Cause: Neoplasia; 5-10% familial association w breast cancer chromosome 17 BRCA-1 and BRCA-2 gene deletions (Nejm 2002;346:1609, 1616, 1660); perhaps somatic nonsense repeat mutations on chromosome 3 (Nejm 2009;360:2719)
Pathophys: Epithelial type cancer, 35-50% serous, 6-10% mucinous
5th most fatal female cancer in US, ahead of cervical and uterine; 1/70 lifetime risk is 1/20 if a 1st-degree relative has had ovarian cancer; 16000 deaths/yr in US; 25 000/yr incidence in US
Increased w low parity, mumps, perineal talc use, ERT users × 2, esp after 10 yr (Jama 2001;285:1460), BRCA-1 or -2 gene carriers
Decreased incidence (40%) with bcp use, even 3 mo of rx protects for 15+ yr (Nejm 1987;316:650); w high FSH levels postmenopausally and w low androgen levels (Jama 1996;274:1926)

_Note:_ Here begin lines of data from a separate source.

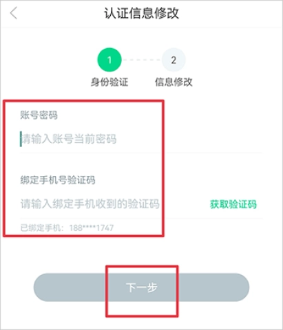 3、在接下来的步骤中,请准确输入当前密码以及收到的短信验证码,确认无误后,点击“下一步”。
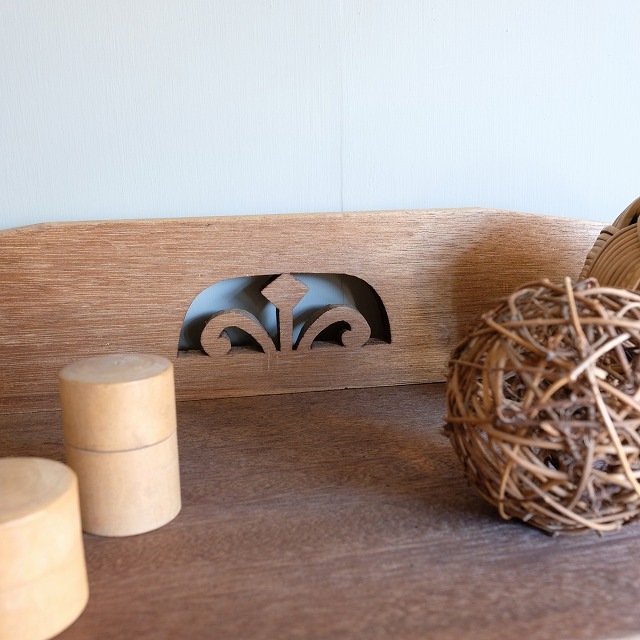 古家具らしい楔式本棚です。楔式本棚の中では、幅のないスリムなサイズが珍しいです。スリムながらも奥行きがあるので、本以外にも雑貨が飾りやすいです。木の厚みがあり、重厚な本棚です。上部には透かしがあり上品です。現代のインテリアに合う軽やかな木肌です。
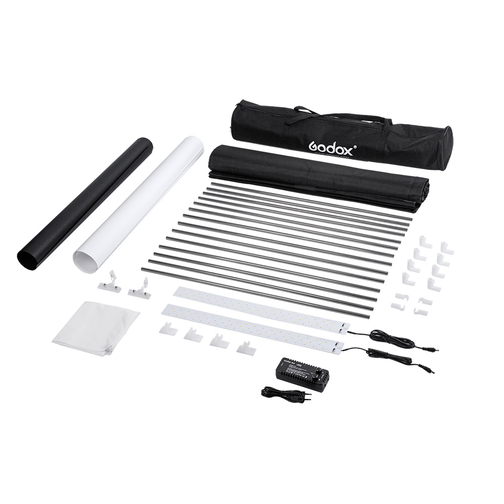 Освещение фотобокса осуществляется двумя мощными светодиодными линейками. С помощью кабеля со штекером, каждая линейка подключается к адаптеру питания Godox LSC2.
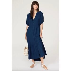 Blue cotton (100% Cotton). A-line. Short sleeves. V-neck. Pull on. 47" form shoulder to hemline. Made in the USA of imported fabric.
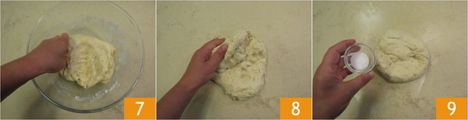 Amasse novamente até ser completamente absorvido 7 e adicione mais um pouco de manteiga. Continue assim até terminar toda a manteiga, deixando-a absorver lentamente. Transfira a massa para uma superfície de trabalho 8 e adicione o sal 9.
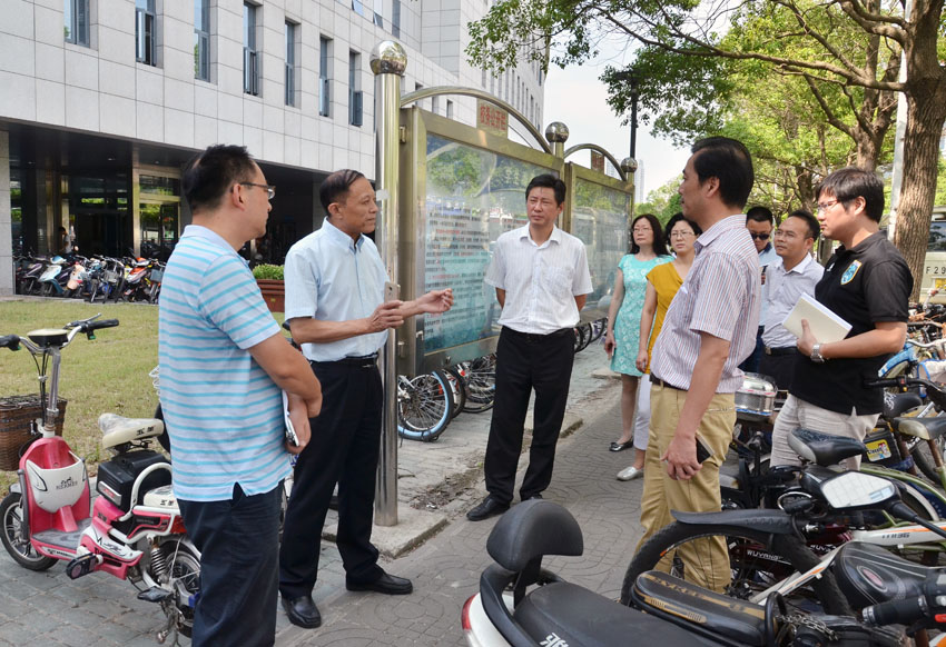 从主校区开始,江应中一行边走边看,发现问题不时停下来详细了解情况、督促整改。学生宿舍区、校内河道旁等容易被忽略的地方,江应中都十分关注,对出现的自行车停放无序、校外广告乱张贴、建筑垃圾整理不到位等问题一一提出整治意见。
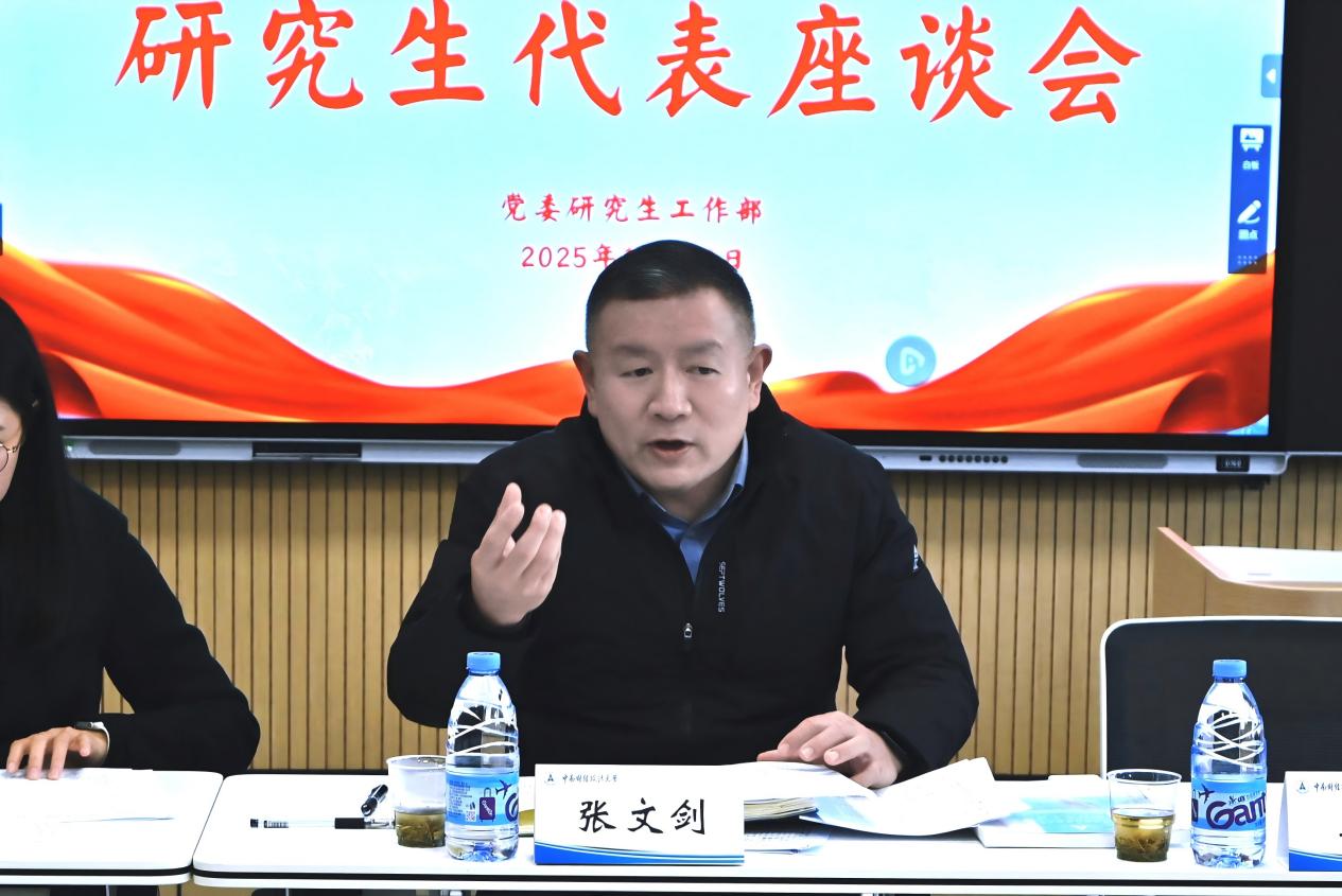 张文剑部长高度肯定同学们的分享,表示既有对个人成长的深入思考,也满怀对学校发展的真切关心,深刻展现研究生学子有思想、有情怀、有担当的优秀品质。在回应大家的意见建议后,张部长表示,为促使学校各项人才培养改革举措更精准地回应学生期待,更好激发大家“校兴我荣”的主人翁精神,党委研究生工作部建立每月1次的“青研倾听交流荟”研究生代表座谈机制,倾听学生心声、了解真实需求、精准服务学生。他希望大家以发展的眼光和建设性的心态看待学校在改革发展进程中遇到的阶段性情况,始终秉持平和、理性的态度,为学校发展建言献策,共同营造积极向上的育人环境。他勉励同学们珍惜宝贵学习时光,专注学业,提升自我,在与学校的同向同行中书写精彩青春。
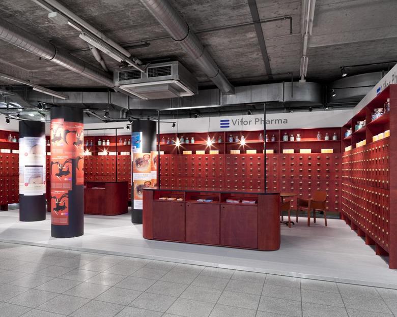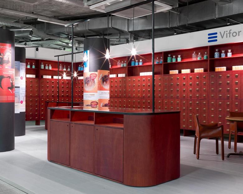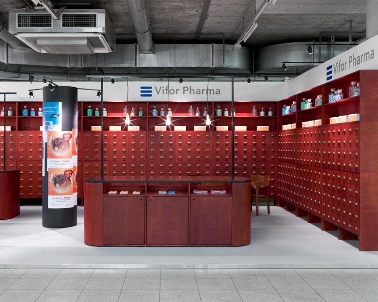 Vifor Pharma ist ein weltweit tätiges Unternehmen im Bereich Erforschung, Herstellung und Vermarktung von Produkten zur Behandlung von Eisenmangel. Die Firma tritt an verschiedenen Ärztekongressen auf, daher musste das Standkonzept flexibel sein, um sich an die jeweilige Situation anpassen zu können. Für die Ausstellung wurde die Idee der alten Apotheke aufgenommen und weiterentwickelt. Das Bild ist geprägt von vielen, kleinen Schubladen und in offenen Fächern darüber präsentieren sich Medikamentenschachteln. Litfass-Säulen orientieren über das jeweilige Thema des Kongresses und an den Verkaufstheken kann man eine individuelle Beratung erhalten.
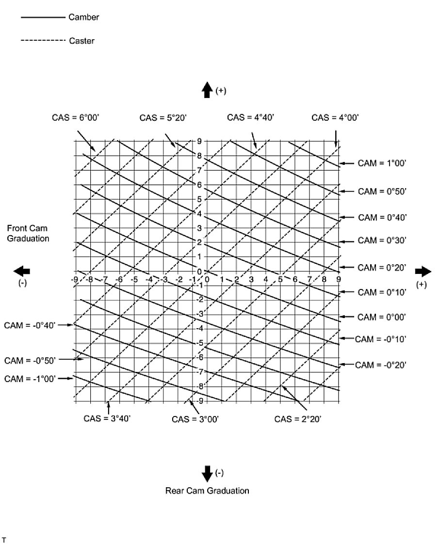 (4) As shown in the chart, read the distance from the marked point to 0, and adjust the front and/ or rear adjusting cams accordingly.

Usually postmenopausal women age 50-60 yr; 5% of cases are familial
Sx:Often asx until widespread; or (Jama 2004;291:2705) back pain (45%), fatigue (34%), abdominal pain (22%), pelvic or lower abdominal mass, pelvic discomfort, urinary pain (16%), bowel bloating (27%), and/or constipation (24%); upper abdominal sense of fullness and increasing abdominal girth
Si:Abdominal or pelvic mass, often (50%) bilateral; may be huge (largest = 148 kg); ascites. Occasionally unique polyarthritis, palmar fasciitis syndrome (Ann IM 1982;96:424), hypercalcemia, multiple seb keratoses.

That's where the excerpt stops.